私の髪の色はこんなに濃い蜂蜜色だったかしら?それに………腰まである髪をすくってみる。こんなに髪は短かったかしら?何か良く理解できない程のかすかな違和感。初めて、不安が胸に湧き上がる。

地に足がついてないような心許ない感覚。そう怯えた時だった。


重厚なドアが音を立てて開く………。


入ってきたのは深緑のドレスに身を纏った女性だった。鏡の前にいる私を見て驚いたように目を見張ると嬉しそうに顔を綻ばせて駆け寄ってくる。


「フィアっ」


そう言って強く抱きしめられた。


「あぁ、もうっこの私を心配させるなんてあなたったらっ!痛いところはない?お腹は空いてないかしら?そうだわ、アデラ!お父様とお母様にフィアが目を覚ましたと!!あと、ついででいいから役立たずさん達にも連絡してあげて!あと軽くお腹に入れられるものを!!!」


この状況に軽くパニックを起こした私の頭に初めて届いたのはこの女性ひとの声、一番最初に発せられた『フィア』という………。人の名でしかないもの………。自分の名ではない、と思う。


―――じゃあ、私の名は………?


そう、考えて初めて自分の名前が思い出せない事に気がついた。


―――あ。


それだけじゃない………。名前以外の記憶も………、ナイ。

私の記憶はあの穴から見上げた光景がすべて………その前の事が、思い出せなかった。

心音が跳ね上がる。ドクドクとした音が耳に響く。唇から血の気が失せ、舌が強張るのがわかった。

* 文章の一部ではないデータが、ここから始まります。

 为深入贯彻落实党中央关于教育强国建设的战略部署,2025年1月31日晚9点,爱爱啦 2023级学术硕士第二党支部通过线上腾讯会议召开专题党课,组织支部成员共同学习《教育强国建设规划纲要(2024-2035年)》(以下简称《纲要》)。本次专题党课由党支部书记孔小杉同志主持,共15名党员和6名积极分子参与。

かすかな悲鳴を漏らすと、いぶかしく思ったのか抱きしめている腕が緩んだ。

できた隙間に自身の腕を入れて勢いよく突き放す!驚いた、傷ついたこの麗人の顔は鏡で見た私の顔とよく似ている。けれど………。


「あ、あなたは誰?私、は誰?私、私どうしてっ!!」


混乱のままに叫ぶと目の前の女性ひとの顔から血の気が失せた。あぁ、そんな―――という呟きがその震える唇から洩れる。私の叫びに扉の傍で控えていた婦人が胸元に手を寄せて哀しい顔をしているのが見えた。彼女は決意を込めた瞳で私をみると―――医務官を呼んでまいります。そう言ってこの場から立ち去った。

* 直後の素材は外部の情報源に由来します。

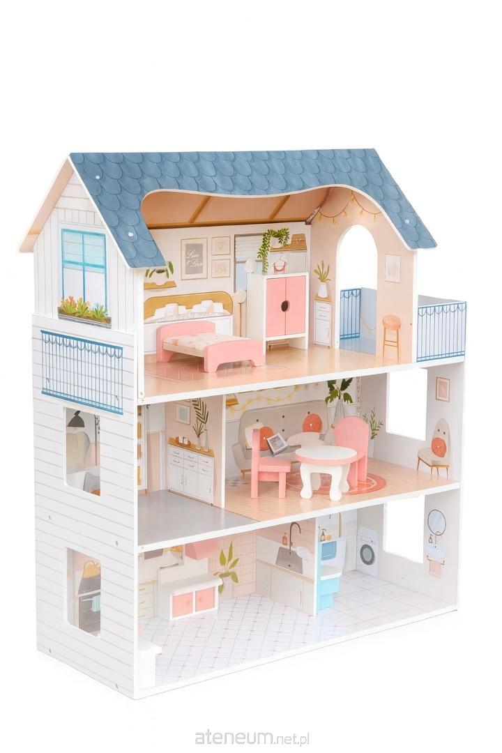 Ten piękny, drewniany domek dla lalek zachwyca szczegółami i starannym wykończeniem. Wykonany z solidnego drewna, ma klasyczną bryłę z niebieskim daszkiem oraz trzy piętra, na których znajduje się kilka pomieszczeń urządzonych w nowoczesnym stylu.

心臓が痛い。きっと私の顔も真っ青になっているだろう。視界がぶれる。


「………ここは、どこなの………?」


目の前が真っ暗になり、もはや立っている事はできなかった。力なく座り込む。慌てて駆け寄る気配がしたけれど私にはどれも現実感の伴わない悪夢のように思えた。



           ※         ※         ※



「―――記憶、がないと………」


そう重々しく呟いたのは陛下だ。俺はやはり、という思いと共に唇を噛み締めた。報告はしてあった。

けれど、誰も………俺だってソレを本気にはしてなかったのだ。フィアの記憶が失われているだなんて。力なく横たわる彼女を見る。青白いその顔………普段の勝気で姫とも思えないお転婆ぶりを知っている者からすればその姿はあまりにも痛々しかった。妃殿下は立っていられず先程から椅子の上で涙を拭っていた。気の強さに関してはフィアよりも上を行くグレイシア―――シアですら青い顔で震えながら立ちつくしている。ラーダは壁に寄り掛かったまま動かない。フィアの兄トルヴェンと一番上の姉エレジアは今外交で隣国の空の下だ。報せは送ったけれど公務をおろそかにはできない。予定通りあと2週間は帰ってこれないはずだった。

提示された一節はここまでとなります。